Incertidumbre sobre el euro
Lo peor que nos ha traído el año 2010 ha sido, sin duda, que la crisis bancaria hiciese mella en el euro. Antes de cumplir los nueve años, así como quien dice, todavía en la niñez, hemos empezado a cuestionar su futuro. Aquellos economistas que desde un principio, siguiendo los pasos de sus colegas estadounidenses, insistieron en que era inviable una moneda única para países con economías tan diferentes, ensoberbecidos proclaman hoy por doquier el consabido "ya lo decía yo y no me hicieron caso".
Desde sus comienzos, los enemigos del euro provienen de Estados Unidos, muy conscientes de las pérdidas que, de inmediato, llevarían consigo que las transacciones en el mercado europeo dejasen de hacerse en dólares, pero sobre todo de la amenaza que a medio plazo supondría que el euro se convirtiera en moneda de reserva. Desde finales de la II Guerra Mundial, el dólar ha monopolizado esta función, así como el pago de la factura del petróleo, y ambos privilegios en buena parte sustentan la influencia de Estados Unidos en las finanzas internacionales, pero también son la causa de que se haya convertido en uno de los países más endeudados del mundo.

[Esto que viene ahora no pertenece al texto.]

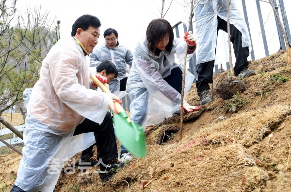 이번 나무심기 행사는 뿌리공원 성씨조형물 추가 조성에 따라 나지로 노출된 지역의 경관개선을 위해 직원 200여 명이 참여한 가운데 산수유와 산딸나무 등 2종 700본을 식재했다.

Pese a la hostilidad norteamericana, la moneda única ha mostrado una notable estabilidad
El problema estructural de fondo en la eurozona es que, en vez de acortarse, crecen las diferencias en productividad
Pese a la hostilidad norteamericana, el euro ha mostrado una notable estabilidad, a la vez que, como moneda de reserva, ha conseguido una cuota significativa, en torno al 30%. En abril de 2008 Menzie Chinn (Universidad de Wisconsin) y Jeffrey Frankel (Universidad de Harvard) pronosticaron que en 2015 el euro podría reemplazar al dólar. A pesar de los ataques que la moneda europea ha sufrido este último tiempo, no deja de ser llamativo que su valor, con altos y bajos, se mantenga en relación con el dólar. Si desde hace unos meses se cuestiona el euro y cada vez más gente se pregunta por su futuro, no es debido a la rivalidad de Estados Unidos, que existe desde un principio, sino a factores estructurales de la eurozona que la crisis financiera ha puesto de relieve.
Hace poco le oí decir a un político alemán que el euro no tiene problema alguno, los tienen únicamente los Estados por sus altísimos endeudamientos, como si no hubiera sido la moneda común la que los haya facilitado. Gracias al euro, hemos vivido unos años dorados en los que la Europa del norte, a la cabeza Alemania, aumentaba sin cesar las exportaciones a la eurozona, mientras que la del sur, con una moneda fuerte, una inflación baja e intereses por los suelos, podían subir los salarios, aumentar el consumo -también con el crecimiento fulminante de la inmigración- muy por encima de lo que permitían actividades poco productivas, como la construcción, pero que originaban grandes beneficios.
El problema estructural de fondo en la eurozona es que, en vez de acortarse, crecen las diferencias en la productividad. Ahora bien, las cuestiones que atañen a la productividad son endiabladamente complejas, ya que conciernen al sistema productivo, al educativo, a mentalidades y formas de comportamiento firmemente asentadas, dependiendo, en último término, de una cohesión social que impida se dispare la desigualdad. Como remedio se ha propuesto crear un euro fuerte para los países con mayor productividad, y un segundo, que podría devaluarse, para los que no crecieran al mismo ritmo; pero a nadie se le oculta los problemas, prácticamente insolubles, que llevaría consigo la conversión de un euro al otro.
Nos hallamos ante el dilema de apostar por el euro, poniendo en marcha los controles presupuestarios y la convergencia fiscal imprescindibles, o bien retornar a la maraña de monedas, con todos los costos y riesgos que ya conocemos y que con la globalización no han hecho más que aumentar. Si ponemos en parangón las enormes dificultades y gravísimos peligros que comporta cada una de estas opciones, no solo todos los Gobiernos, sino el sentido común, concluyen que es mucho más difícil y arriesgado dar marcha atrás que seguir avanzando, por arduo que sea, en el proceso de integración económica. Por mi parte me atrevo a pronosticar, si no ocurren catástrofes políticas y naturales con las que siempre hay que contar, que en diez años el euro seguirá existiendo y es la libra esterlina la que habrá desaparecido.